Four score and seven years ago our fathers brought forth on this continent, a new nation...

Less than a hundred years separate George Washington and Abraham Lincoln. I'm not sure if that should make me feel old or not.

...conceived in Liberty, and dedicated to the proposition that all men are created equal.

White men, anyway. Lincoln fails to mention his own Emancipation Proclamation, which was significantly more dedicated to that proposition. Of course, as long as the war raged, the emancipation existed only on paper, so maybe that accounts for his modesty.

Now, we are engaged in a great civil war, testing whether that nation, or any nation so conceived and so dedicated, can long endure.

The Confederate flag was a campaign issue as recently as 2000.

We are met on a great battle-field of that war. We have come to dedicate a portion of that field...

According to some historians, the organizers of this event weren't even going to invite Lincoln. But then they thought, well, he IS president.

...as a final resting place for those who here gave their lives that that nation might live.

3,155 Federal soldiers were killed in action, with 5,365 missing. 2,136 of the 14,529 wounded died. All together, a mortality rate of nearly 15%. As far as the Confederacy goes, estimates range from 2,934 to 5,750 killed or missing.





It is altogether fitting and proper that we should do this.

Sounds here like ol' Abe is just giving lip service.

But, in a larger sense...

Oh, wait. He's got something up his sleeve.

...we can not dedicate--we can not consecrate--we can not hallow--this ground.

According to a recent news story, some developer wants to build a casino near the battlefield.

The brave men, living and dead, who struggled here, have consecrated, far above our poor power to add or detract.

Edward Everett spoke first. His speech contained 13,607 words, and lasted two hours. Lincoln's speech contained 186 words, and lasted a measly two minutes.

The world will little note, nor long remember what we say here...




Edward who?


...but it can never forget what they did here.

Not to take anything away from what they did there, but one reason Gettysburg is more well known than, say, Antietam (where there was an even greater loss of life) is because of what one tall, lanky guy with a beard and stove top hat said there.

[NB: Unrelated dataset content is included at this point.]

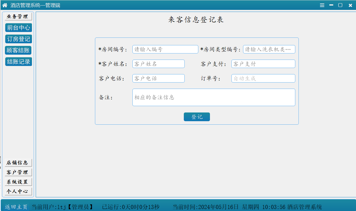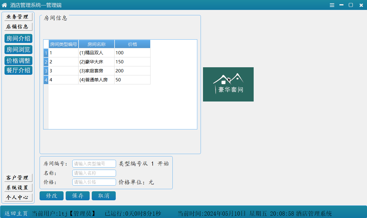 在酒店住宿领域,顾客往往无法选择自己心仪的房间号码,这可能会因为某些数字被认为不吉利而影响他们的入住体验。针对这一问题,我们设计了一套酒店管理系统,它不仅包含基本的预订功能,还特别增加了留言板和房间预览功能,并且创新性地引入了房间号码自选服务。这将使顾客能够根据自己的喜好和需求,选择一个令自己满意的房间号码,从而提升他们的住宿体验。即用户在预订时可以通过该系统自主选择楼层号、房间号与朝向(朝阳面)等,满足用户需求,提升了用户的体验感、提升心情,同时也方便了前台的管理,减少了酒店管理的成本,具有实践意义。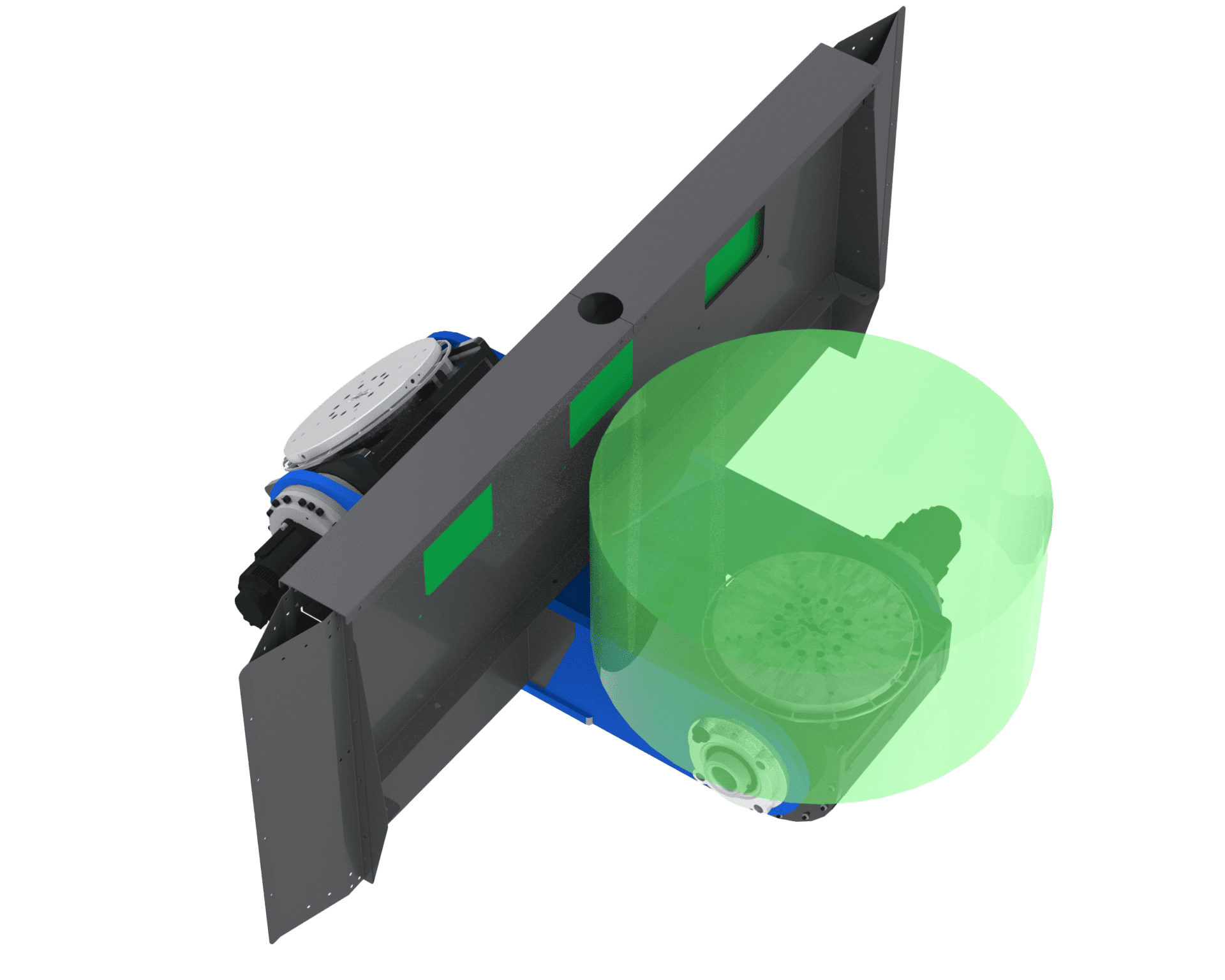 5-axis indexing manipulator. Can tilt and turn workpieces into any position, ensuring optimum welding position, even for complex workpieces.

It is for us the living, rather...

I knew there was a catch.

...to be dedicated to the unfinished work which they who fought here have thus far so nobly advanced. It is rather for us to be dedicated to the great task remaining before us--that from these honored dead we take increased devotion to that cause for which they gave their last full measure of devotion--that we here highly resolve that these dead shall not have died in vain--that this nation, under God, shall have a new birth of freedom...

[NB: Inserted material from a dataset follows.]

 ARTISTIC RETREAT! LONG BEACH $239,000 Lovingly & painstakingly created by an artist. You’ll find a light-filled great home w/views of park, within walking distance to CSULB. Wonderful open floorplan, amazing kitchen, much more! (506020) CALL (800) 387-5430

Did those who died at Gettysburg, or on Omaha Beach, or on Iwo Jima, really die for freedom or democracy, or did they actually die for a country that at the time just happened to be free and democratic? After all, people who have lived in dictatorships, or slave-based societies, have fought just as hard, and have died in as many numbers as we Americans. Freedom and democracy should be something more than mere synonyms for sovereignty and the homeland. Those high ideals can also be fought and lived for. How exactly do we do that? What are our weapons? Let's see, there's the ballot box, the soap box, the picket sign, the petition, and the letter to the editor. Maybe even blogs.

...and that government of the people, by the people, for the people, shall not perish from the earth.

Despite the best efforts of the all too many fools and scoundrels since Lincoln, it somehow hasn't perished yet.